5. The DF Helps Create Lifesaving Therapeutics
If it weren’t for the Foundation, the bottom line is that there’d be less therapeutics available today. To me, the ultimate translation of research is advancing therapies for patients.
I focused on different things throughout my research career, but predominantly in the area of cutaneous lymphomas. I was able to make a few discoveries regarding molecular diagnosis and the immunology of the disease and developed therapeutic approaches. Ultimately, I led a multicenter trial for U.S. FDA approval of a topical chemotherapy in cutaneous T-cell lymphoma.
There is so much to be excited about in the research arena today. To start, look at the broad therapeutic category of biologics, the compounds that manipulate the immune system, there are monoclonal antibodies and small molecule inhibitors that have been developed by understanding the molecular level of disease pathology. It has been amazing to see how in the last 20 years, the growth of biologic interventions in psoriasis from the first generation of biologics to the second, to the third generation and how each generation improved the response rates in psoriasis, and that experience then rolled over into atopic dermatitis. And so now there’s a whole series of biologics being tested and developed for atopic dermatitis. And the advances in atopic dermatitis are being applied to another difficult to treat disease called hidradenitis suppurativa. So now there is development of biologics for that disease.
“There are many people living who would not be alive today if it weren’t for the new melanoma drugs.”
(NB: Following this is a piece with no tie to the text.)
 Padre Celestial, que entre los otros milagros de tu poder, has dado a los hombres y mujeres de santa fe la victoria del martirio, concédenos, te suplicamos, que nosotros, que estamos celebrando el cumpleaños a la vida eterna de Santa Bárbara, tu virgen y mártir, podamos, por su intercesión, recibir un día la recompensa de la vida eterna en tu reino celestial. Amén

When I trained as a resident in the eighties, that was unheard of, unimaginable. I think biologics alone are impressive across various diseases. And the other close second is the development of therapeutics for metastatic melanoma that includes targeted therapy and immunotherapies. That started just ten years ago. Prior to 2011, if you had metastatic melanoma, your survival was about three to six months. And now that has at least doubled and really made an amazing impact. There are many people living who would not be alive today if it weren’t for the new melanoma drugs.
Dermatology and all the subspecialties — it’s an amazing field that you can acquire so much knowledge about. There’s so much to learn.
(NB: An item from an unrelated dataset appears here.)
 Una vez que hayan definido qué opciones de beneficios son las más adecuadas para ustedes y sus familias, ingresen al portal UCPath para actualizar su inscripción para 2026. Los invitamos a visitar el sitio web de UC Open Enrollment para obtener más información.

Stuart R. Lessin, M.D., currently serves as the Medical Director of KGL Skin Study Center, a Philadelphia-based clinical research facility. He is an American Board of Dermatology certified dermatologist and a Fellow in the American Academy of Dermatology. He has over 30 years of laboratory and clinical research experience including topical drug development and testing. He was a NIH-funded laboratory investigator at the University of Pennsylvania and served as the Director of Dermatology at the Fox Chase Cancer Center in Philadelphia, Pennsylvania where he created and directed clinical care and clinical research programs.